We have developed a new method for the high-throughput, high-resolution measurement of DNA replication stress across the human genome; demonstrated that an inexpensive handheld device produces enough data to create replication stress signatures that can accurately stratify cells according to the part of the replication stress response pathway that was inhibited; and used a single sequencing run to show how replication fork speed changes across replication timing domains. The result is a major step change over the previous “gold standard” of DNA fibre analysis for measuring replication stress in cancer cells: Our method categorically supersedes DNA fibre in throughput, resolution, cost-effectiveness, and automation, all while enabling us to map stressed forks to the genome which DNA fibre analysis is fundamentally unable to do.

In addition, our method distinguishes between slow-moving and stalled forks. This distinction is critical for characterising the effect of chemotherapies on replication forks, as we have shown that HU causes the former while ATR inhibition causes the latter. We have demonstrated that the ability to map replication forks to genomic positions makes it possible to leverage pre-existing high resolution Repli-Seq data to investigate how replication timing impacts fork movement. This can naturally be extended to datasets measuring other genomic features such as epigenetic regulation and the chromatin landscape.

The sensitivity of our approach is highlighted by its ability to identify increased fork stress and reduced fork speed in HCT116 CDK2AF/AF cells that proliferate with a viable disruption of the intra-S-phase checkpoint40. Our findings provide a quantitative measure of the increased replication stress previously described in these cells and demonstrates how restricting CDK2 activity is important for suppressing fork stress and ensuring replication fork speeds rise throughout S-phase. Our study has not accounted for any potential changes in replication timing in the HCT116 CDK2AF/AF and could have been improved by generating equivalent high resolution Repli-Seq timing reference for this cell line.

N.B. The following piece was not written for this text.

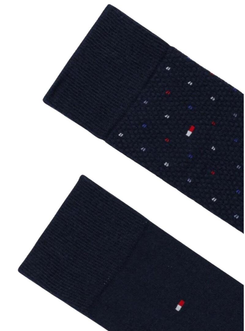 Calze Tommy Hilfiger. Mix di cotone elasticizzato. Confezione da 2 paia. Colore blu scuro. Dettaglio del logo del marchio sulla suola. Logo e decorazioni in intarsia. Lunghezza classica. Tessuto traspirante.
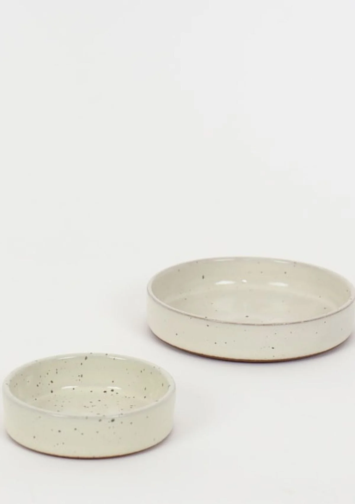 The hand thrown dish has an off-white glossy glaze with small black irregular spots. The dish is dishwasher safe.

With future development, we anticipate further improvements to this method’s throughput, utility, and scope. The 15 min analogue pulse represents 3% of an 8 h human cell S-phase, hence many of molecules sequenced do not include a fork track. A pulldown of EdU prior to sequencing would enrich the percentage of reads with a fork track and would also negate the need for S-phase enrichment with reporter systems. We have also observed a slight bias towards measuring leading strand synthesis, which may be due to 3’ overhangs on lagging strands reducing capture by transposase during ultra-high molecular weight library preparation. In addition, we envisage the future detection of 5-methylcytosine and 5-hydroxymethylcytosine alongside BrdU and EdU to show replication fork movement, origin firing, and epigenetic markers on the same molecule. This study focused on three cell lines and four treatments, but the method is usable for any human cell line and is extensible to tumour organoids and suspension cell cultures. While we have used the detection of BrdU and EdU for the purposes of studying DNA replication, the accurate detection of base analogues in single molecules carries much broader utility, with an example of future work being the incorporation of base analogues during nucleotide excision repair or long-patch base excision repair.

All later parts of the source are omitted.